**What to do**
Each record must be written out again exactly. Skip any picture it contains.

**Input data**
=-=-=

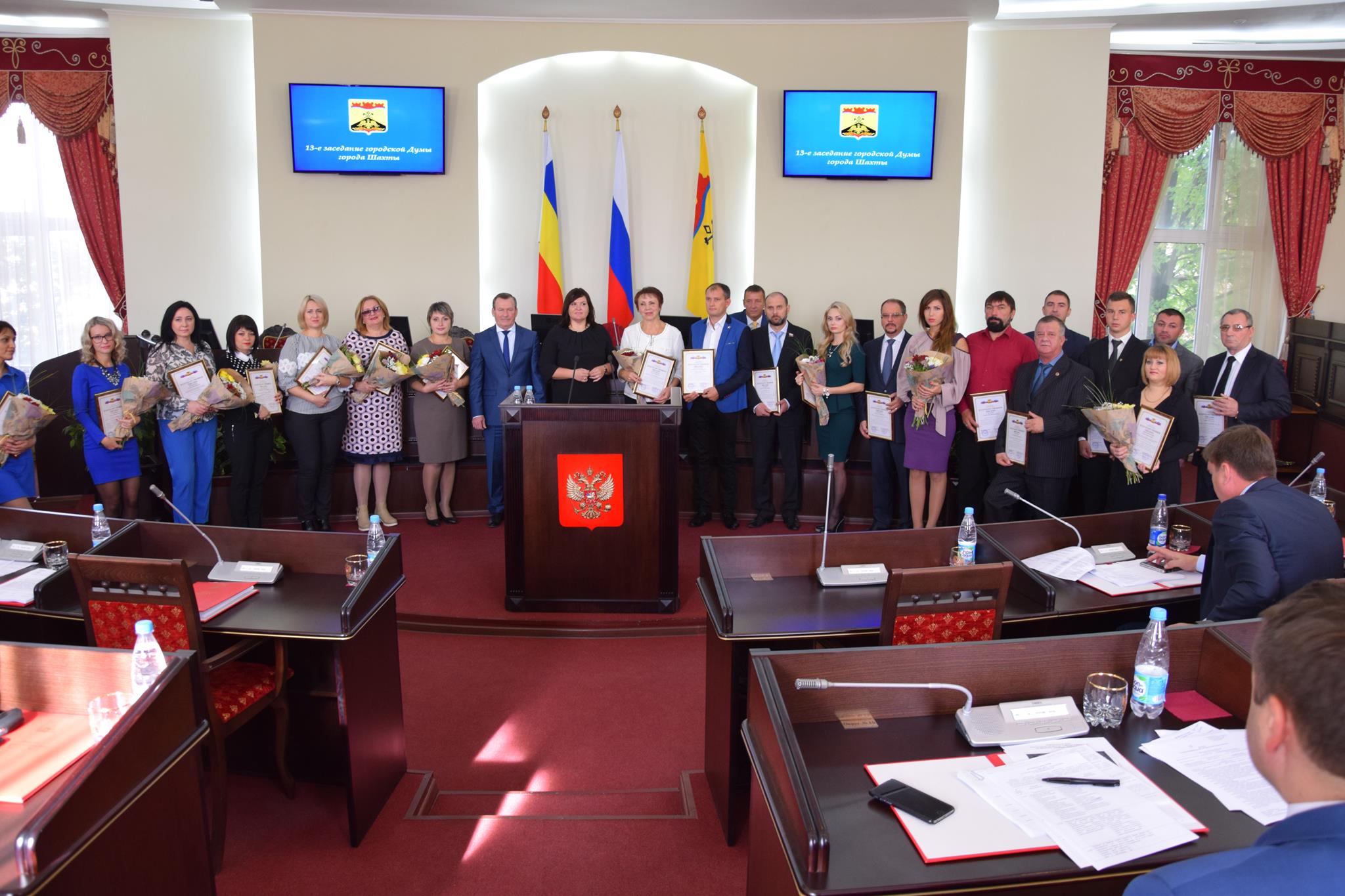 Далее состоялась церемония награждения сотрудников Администрации города Шахты и депутатов городской Думы города Шахты, участников областного турнира по мини-футболу среди команд исполнительной и законодательной власти городских округов и муниципальных районов Ростовской области. Благодарственные письма получили: Сергей Валерьевич Сиротский, Иван Сергеевич Кирпичков, Сергей Сергеевич Бесага, Максим Алексеевич Петренко, Андрей Валерьевич Садовой, Сергей Сергеевич Полупанов, Андрей Александрович Припоров, Сергей Владимирович Будник, Максим Эдуардович Реутов, Олег Витальевич Лещиков, Сергей Владимирович Столбовой, Александр Владимирович Березин.
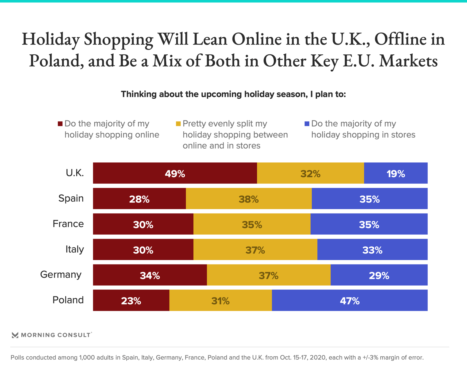 While UK shoppers are significantly more likely to do the majority of their holiday shopping online this year (49 percent plan to do so) and the Polish plan to rely mostly on in-store shopping (47 percent), a preference for online vs. offline holiday shopping is less clear-cut in other EU markets.
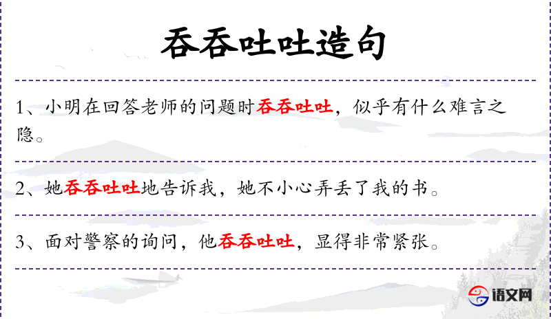- 吞吞吐吐地:副词短语,形容说话不流畅、犹豫不决的样子。
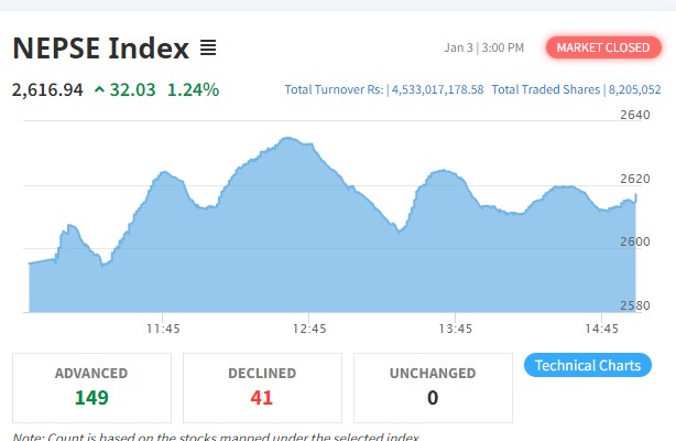 नेप्से ३२ अंकले बढ्दा साढे ४ अर्बमाथिको शेयर कारोबार
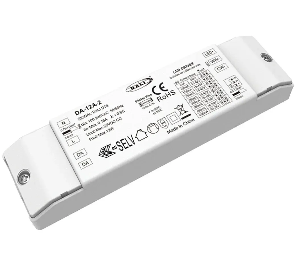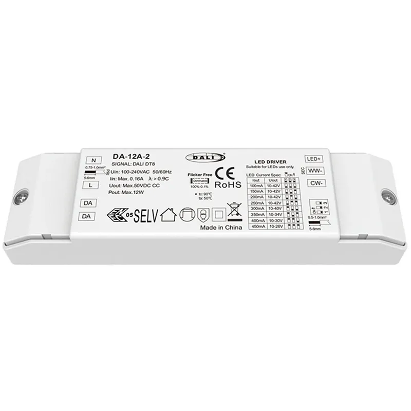 Driver LED Dimmable 12W DALI CW WW CCT STARWELL berkualitas tinggi dari pabrik dirancang untuk aplikasi pencahayaan putih premium yang dapat disetel yang memerlukan kontrol presisi dan kinerja andal. Driver ringkas dan berefisiensi tinggi ini menghasilkan keluaran arus konstan 12W (12V, 1000mA) yang stabil, memastikan kinerja optimal dan umur panjang untuk modul LED yang terhubung. Driver LED Dimmable DALI CW WW CCT 12W kami yang berkualitas tinggi dilengkapi antarmuka Dual DALI yang canggih, mendukung peredupan DALI-2 (DT8) untuk peredupan mulus 10%-100% dan penyetelan CCT (Suhu Warna Terkorelasi) independen dari putih hangat 2700K hingga siang hari sejuk 6500K. Dengan efisiensi tipikal >90% dan Faktor Daya tinggi (PF>0,9), ini meminimalkan pemborosan energi dan beban jaringan. Bertempat di wadah kompak berperingkat IP20, ia menawarkan pengoperasian beban penuh dalam rentang suhu luas -20°C hingga +50°C, menjadikannya solusi daya serbaguna dan cerdas untuk pencahayaan arsitektural, komersial, dan perumahan kelas atas.
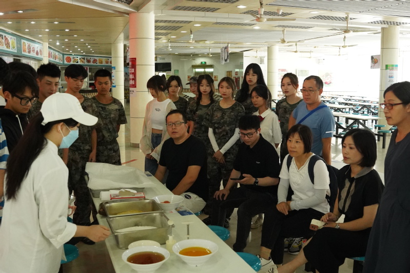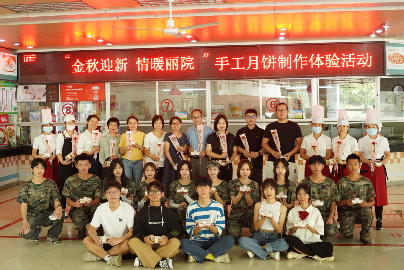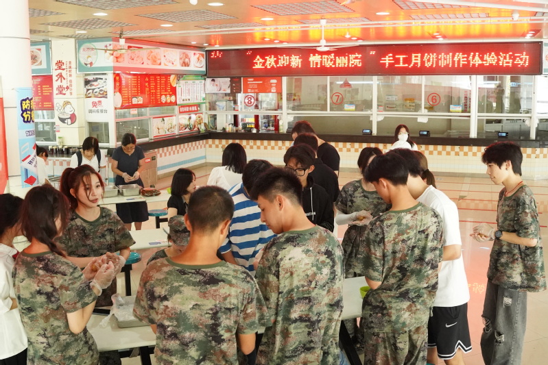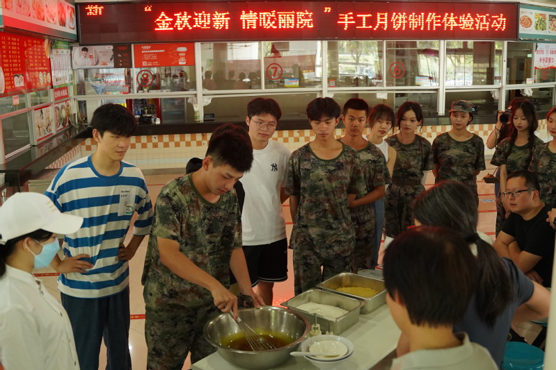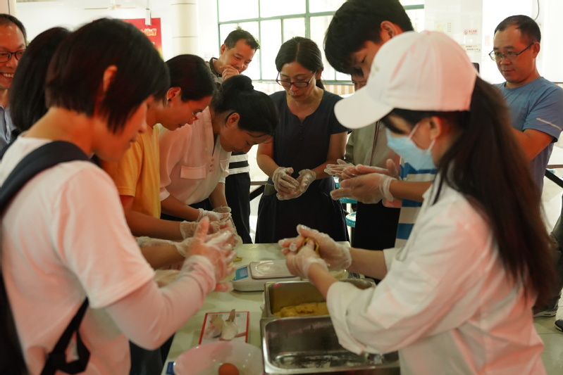 餐饮中心面点师傅一边讲解广式月饼的做法,一边熟练地现场示范揉面团、压皮、包馅、盖章,一个个饱满诱人的广式月饼随之呈现,引得师生们跃跃欲试。师生齐心协力,有序分工,忙得不亦乐乎,也感受到了制作的乐趣和满满的幸福。不少师生还进到后厨参与烹饪,吃到了自己制作的月饼,在丽院这个大家庭感受到家的温暖。

=-=-=

**Reply to the exercise**
 Далее состоялась церемония награждения сотрудников Администрации города Шахты и депутатов городской Думы города Шахты, участников областного турнира по мини-футболу среди команд исполнительной и законодательной власти городских округов и муниципальных районов Ростовской области. Благодарственные письма получили: Сергей Валерьевич Сиротский, Иван Сергеевич Кирпичков, Сергей Сергеевич Бесага, Максим Алексеевич Петренко, Андрей Валерьевич Садовой, Сергей Сергеевич Полупанов, Андрей Александрович Припоров, Сергей Владимирович Будник, Максим Эдуардович Реутов, Олег Витальевич Лещиков, Сергей Владимирович Столбовой, Александр Владимирович Березин.
 While UK shoppers are significantly more likely to do the majority of their holiday shopping online this year (49 percent plan to do so) and the Polish plan to rely mostly on in-store shopping (47 percent), a preference for online vs. offline holiday shopping is less clear-cut in other EU markets.
- 吞吞吐吐地:副词短语,形容说话不流畅、犹豫不决的样子。
 नेप्से ३२ अंकले बढ्दा साढे ४ अर्बमाथिको शेयर कारोबार
 Driver LED Dimmable 12W DALI CW WW CCT STARWELL berkualitas tinggi dari pabrik dirancang untuk aplikasi pencahayaan putih premium yang dapat disetel yang memerlukan kontrol presisi dan kinerja andal. Driver ringkas dan berefisiensi tinggi ini menghasilkan keluaran arus konstan 12W (12V, 1000mA) yang stabil, memastikan kinerja optimal dan umur panjang untuk modul LED yang terhubung. Driver LED Dimmable DALI CW WW CCT 12W kami yang berkualitas tinggi dilengkapi antarmuka Dual DALI yang canggih, mendukung peredupan DALI-2 (DT8) untuk peredupan mulus 10%-100% dan penyetelan CCT (Suhu Warna Terkorelasi) independen dari putih hangat 2700K hingga siang hari sejuk 6500K. Dengan efisiensi tipikal >90% dan Faktor Daya tinggi (PF>0,9), ini meminimalkan pemborosan energi dan beban jaringan. Bertempat di wadah kompak berperingkat IP20, ia menawarkan pengoperasian beban penuh dalam rentang suhu luas -20°C hingga +50°C, menjadikannya solusi daya serbaguna dan cerdas untuk pencahayaan arsitektural, komersial, dan perumahan kelas atas.
 餐饮中心面点师傅一边讲解广式月饼的做法,一边熟练地现场示范揉面团、压皮、包馅、盖章,一个个饱满诱人的广式月饼随之呈现,引得师生们跃跃欲试。师生齐心协力,有序分工,忙得不亦乐乎,也感受到了制作的乐趣和满满的幸福。不少师生还进到后厨参与烹饪,吃到了自己制作的月饼,在丽院这个大家庭感受到家的温暖。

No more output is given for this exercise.